I just realized something.. I used to love learning new things, i could get engrossed in something because it was simple to learn and easy to use.
New "tech stack" doesn't seem to be like that anymore. It feels needlessly complex and invents a new 'standard' every time. It makes me angry and I hate learning, cause its no longer fun.
Learning #borland #TurboPascal #pascal was fun and easy in High School. Moving to #C and #Perl in university was great and easy enough as well. Not that I was any kind of competent in C, but I felt I learned enough that it set me up on a trajectory to learn the finer details and gotchas.

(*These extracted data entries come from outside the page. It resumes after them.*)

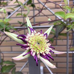 散歩の途中で見つけました。直径10センチ弱くらい?です。 クレマチスビエネッタと教えていただきました。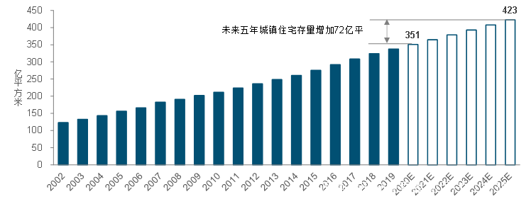 綜合來説,基於上述對2021-2025年城鎮居民人均住房面積年均提升0.8平方米至44.5平方米的預判,預計未來五年改善型住房需求共35.7億平方米,是商品化住房需求的關鍵支撐。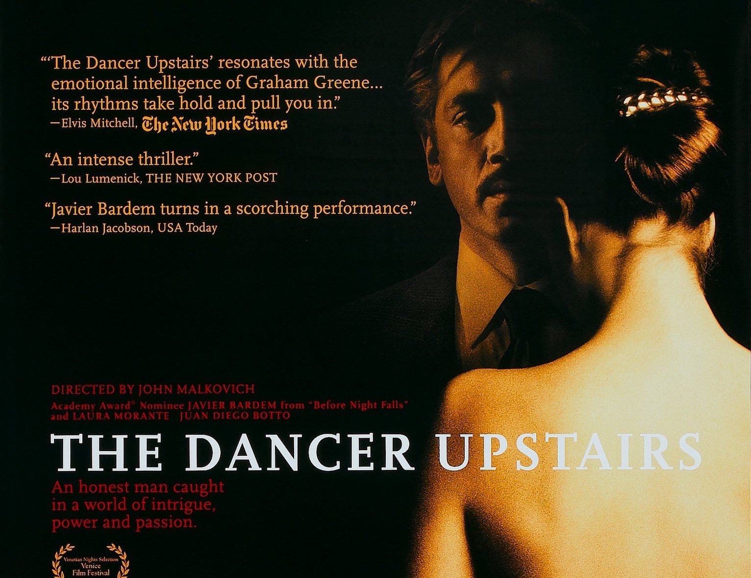 The Dancer Upstairs(Yukarıdaki Dansçı), hukukçu, felsefe profesörü ve Peru Aydınlık Yol Devrimci Hareketi Lideri Abimael Guzmán‘ın(Manuel Rubén Abimael Guzmán Reynoso) yaşamından kesitler sunmaktadır.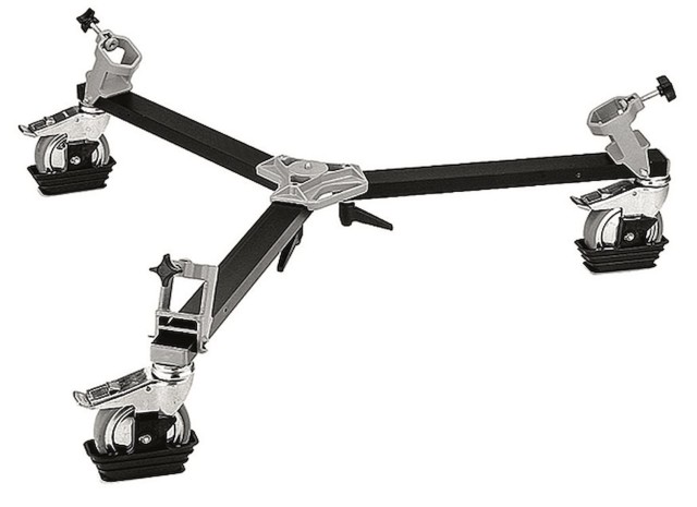 Manfrotto 114 je trikotni aluminijasti okvir, ki nosi do 60 kg, sprejme kateri koli stativ z nogami 100 mm ali manj in se premika na treh velikih 127 mm gladkih gumijastih kolesih z individualnimi zavorami na nogah in vgrajenimi zaščitami za kable, ki preprečujejo zapletanje. Noge se za prevoz v nekaj sekundah zložijo (brez orodja), nizkoprofilna zasnova pa ohranja težišče blizu tal za maksimalno stabilnost pod težkimi kamerami. V kombinaciji s 100-milimetrskim stojalom s skledo dobite klasično studijsko stojalo.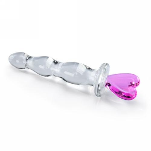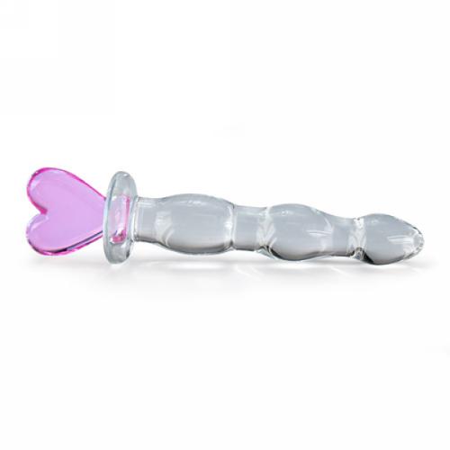 Women/Men Pink Heart Glass Dildo-Glass Probe Clear/Pink | EdenFantasys Glass Dildos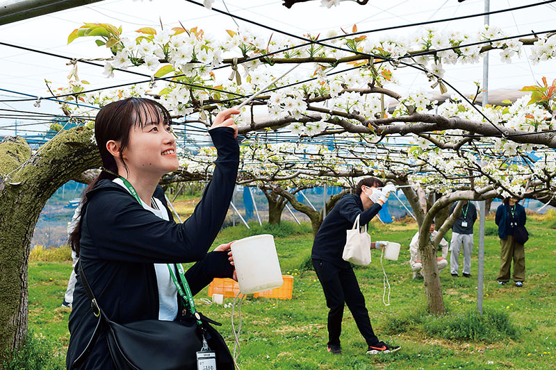 「白岡美人」のブランドで知られる特産のナシへの理解を深め業務に役立ててもらおうと、埼玉県の白岡市は18日、新規採用職員12人を対象にナシの人工授粉作業「花掛け」体験を実施した。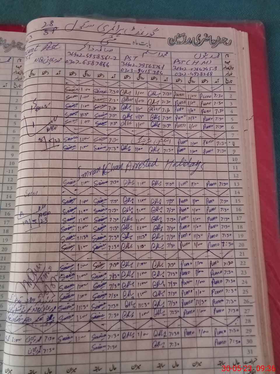 | Name: MU**** PU**** Designation: (School Headmaster's/Headmistress's) PST Phone/Cell Number: 03**** |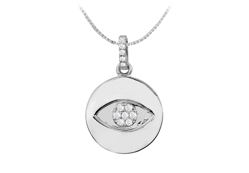 Fine Jewelry Vault UBPD2936W14D Diamond Evil Eye Disc Pendant in 14K White Gold 0.15 Carat Diamonds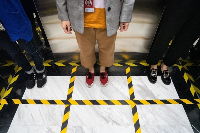 Thang máy được phân chia các ô vị trí đứng tại trụ sở JD.com ở Bắc Kinh, Trung Quốc. Ảnh: NYTimes.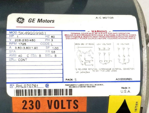 General Electric 5K49QG9981 Motor 1 HP 3 PH 1725 RPM 208-230/460V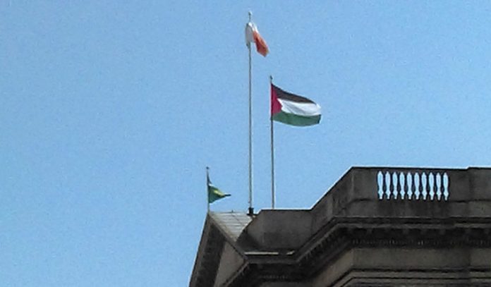 Suite au vote du conseil municipal de la capitale irlandaise (Dublin), il a été décidé de hisser le drapeau de la Palestine au sommet de l’hôtel de ville jusqu’à la fin du mois de mai « comme geste de solidarité avec le peuple palestinien ».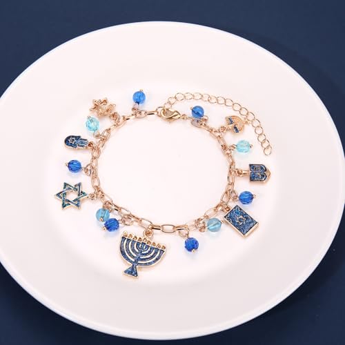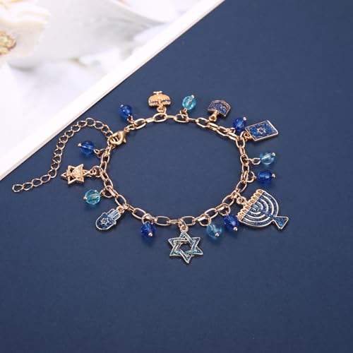 HOT ! ZOLEAROPY Hanukkah Bracelet Jewish Festival of Lights Star of David Menorah Dreidel Charms Bracelet Chanukkah Bat Mitzvah Jewelry Gift for Women Men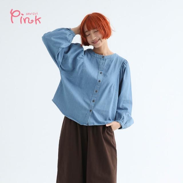 PINK NEW GIRLPink* 丹寧圓領微澎袖襯衫 (2色) Z1206AD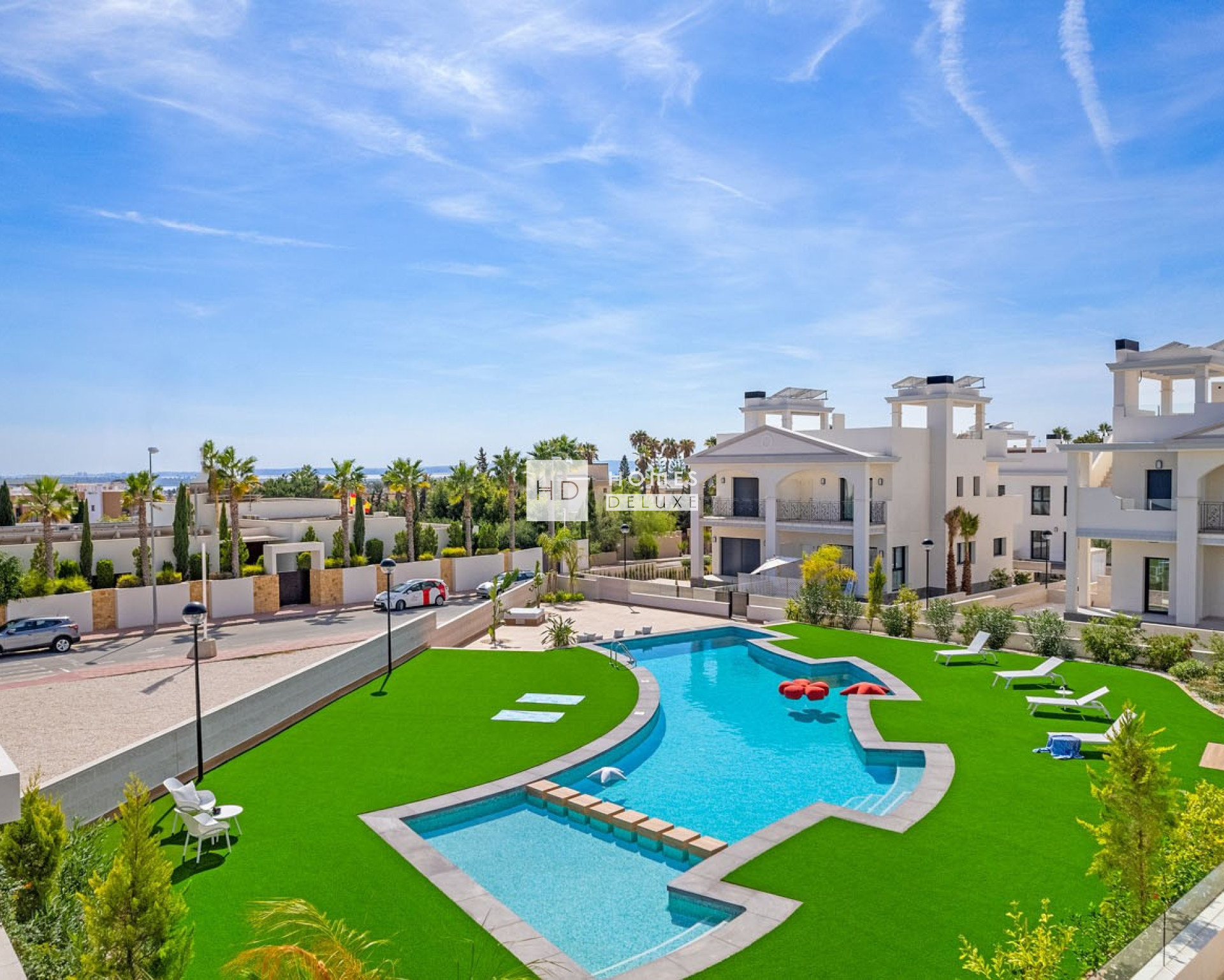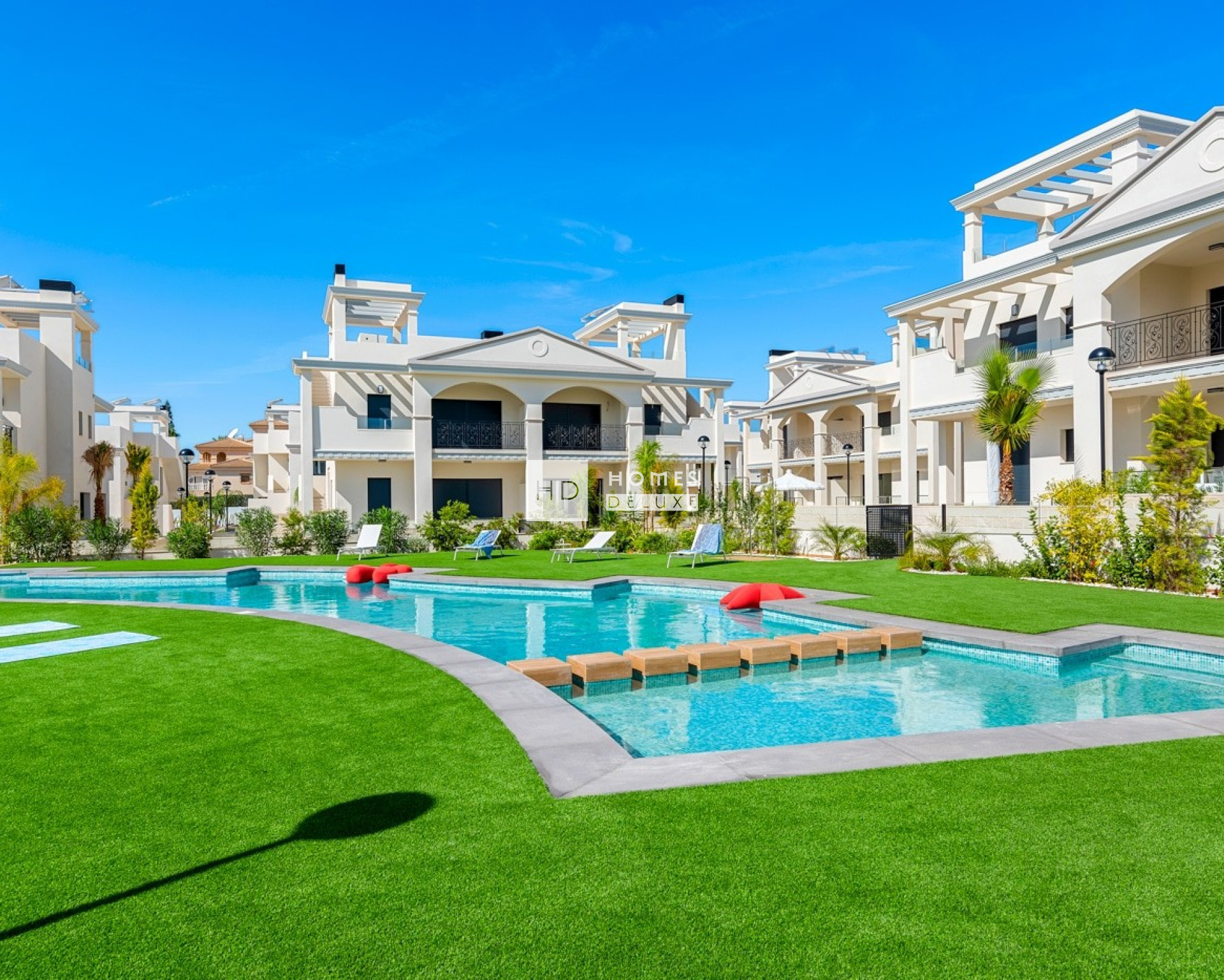 This stunning residential complex made up of different types of housing: apartments and semi-detached villas. The apartments have 2 bedrooms and 2 bathrooms and 3 bedrooms and 2 bathrooms models, as well as an open plan kitchen and living-dining room. You can choose the option of ground floor with beautiful private garden or top floor with spacious rooftop solarium. The semi-detached villas have 3 bedrooms and 3 bathrooms, open plan kitchen, large lounge dining room, solarium and private garden. The residents have the enjoyment of lovely communal areas which are perfect to relax and unwind, with a large communal swimming pool and spacious green areas.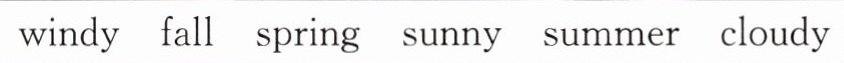 1. fall; spring; summer 2. windy; sunny; cloudy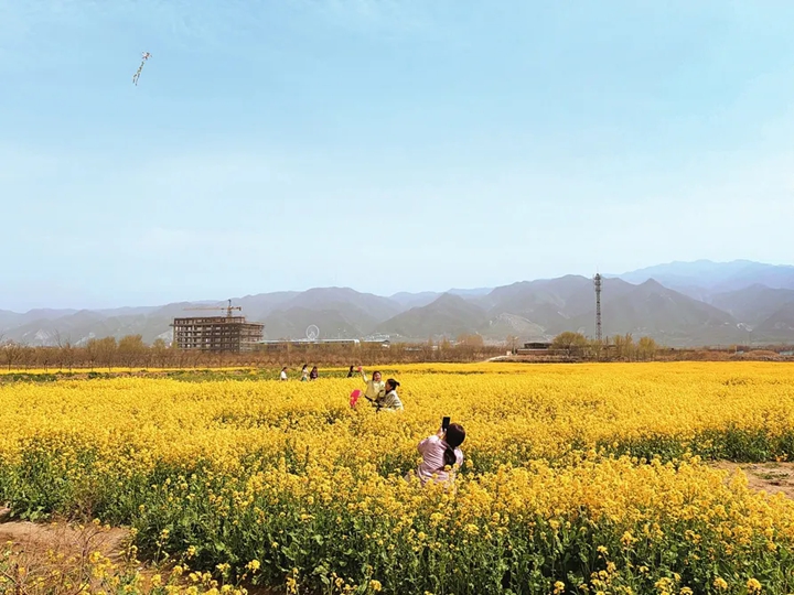 盐池南畔,金色花浪与巍巍中条山相映成画,游客正踏春赏景。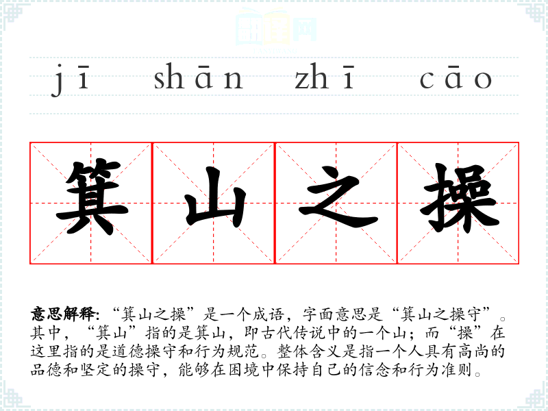 “箕山之操”是一个成语,字面意思是“箕山之操守”。其中,“箕山”指的是箕山,即古代传说中的一个山;而“操”在这里指的是道德操守和行为规范。整体含义是指一个人具有高尚的品德和坚定的操守,能够在困境中保持自己的信念和行为准则。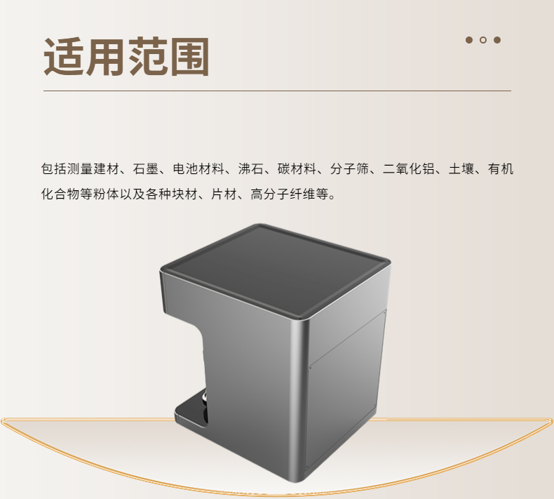 1. 适用产品多:包括测量建材、石墨、电池材料、沸石、碳材料、分子筛、二氧化铝、土壤、有机化合物等粉体以及各种块材、片材、高分子纤维等。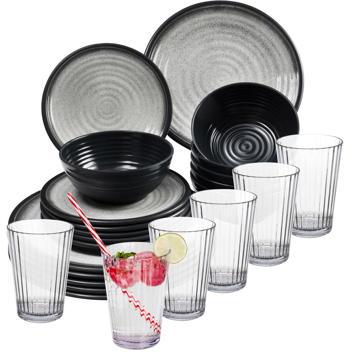 Melamin Geschirr Set für 6 Personen Grau Granit-Optik 24 Teile - mit klaren Trinkgläsern 580 ml - Campinggeschirr Geschirrset Tafelgeschirr - Spülmaschinengeeignet Tableware Outdoor Camping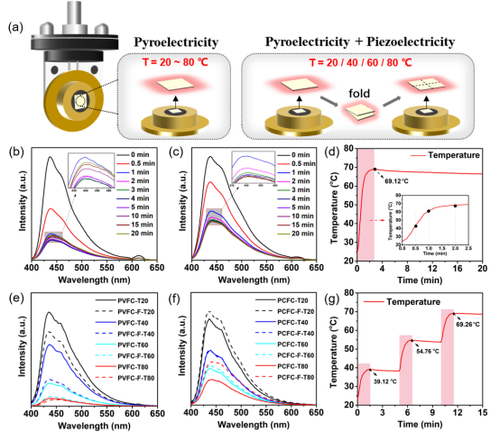 图4. (a)高温荧光附件图及压电-热释电耦合荧光测试方法。(b) PVFC和 (c) PCFC在不同测试时间的荧光图。(d)热释电测试时的附件温升图。(e) PVFC和 (f) PCFC在折叠和温升下的荧光图。(g)压电-热释电耦合测试时的附件温升。(λex= 380 nm)。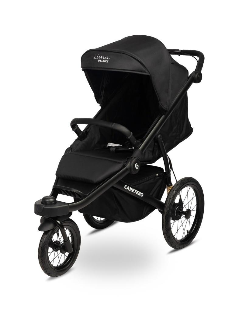 Wózek spacerowy Lima Deluxe został stworzony z myślą o rodzicach kochających aktywne spędzanie czasu. Wygoda tradycyjnego wózka spacerowego w połączeniu z wysoką funkcjonalnością trójkołowej konstrukcji tworzy idealne rozwiązanie dla rodziców będących w ciągłym ruchu. Duże, pompowane koła (tylne o średnicy 40 cm, przednie o średnicy 29 cm) sprawdzą się w jeździe po trudnym terenie. Wózek wyposażony jest w 2 hamulce: ręczny manetka na rączce wózka; nożny pomiędzy tylnymi kołami. Rozkładany daszek z wywietrznikiem zapewnia ochronę przed słońcem i wiatrem, a dołączone do zestawu folia przeciwdeszczowa i okrycie na nogi zwiększą komfort spacerów podczas trudnych warunków pogodowych. 5-punktowe pasy wraz z przednim pałąkiem zabezpieczają dziecko przed wypadnięciem z wózka. Lima Deluxe została również wyposażona w zapinany kosz mieszczący wszystkie potrzebne akcesoria codziennego użytku. Kąt pochylenia oparcia można płynnie dostosować do potrzeb dziecka, a łatwy w obsłudze mechanizm składania czyni wózek wygodnym w transporcie.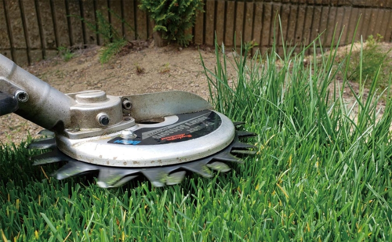 上下2枚の刈刃を逆回転させる構造ならびに減速ギヤにより回転を1/20まで減速、回転トルクは20倍となり、力強く雑草をハサミ刈ります。また、上下逆回転で挟んだ草のみを刈る方式ですので、縁石・ポール・樹木などを傷つける事なく容易にキワ刈ができる事も大きな特徴です。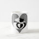 This is a fun modern design featuring two cats, black and white cuddled up with tails shaped into a heart. The backdrop is black white chequers. It's a modern design for cat lovers and cat owners.

Things like #Python are annoying AF. Oh, your python program only works on 3.11 and not 3.12 or 3.13? That shouldn't be at all. From 2->3 sure I expect changes, 3->4, i would expect great changes as well. But not a minor change!
Dabbling in #Go was fine actually, it didn't anger me much, and #Rustlang / #rust I'm still doing rustlings so I can't say much there.
CLI tools are weird today too. Do they want to be a TUI, a true CLI tool or what?
The #Unix philosophy made learning new tools nice and easy, at least I think so. Do one thing, do it well, make it so your output can be used as the input to another program and great!
Things don't seem to follow that idea anymore.
Or am I just old and biased cause my brain lost its elasticity?? I don't want to think i'm so egocentric as to not rule that out.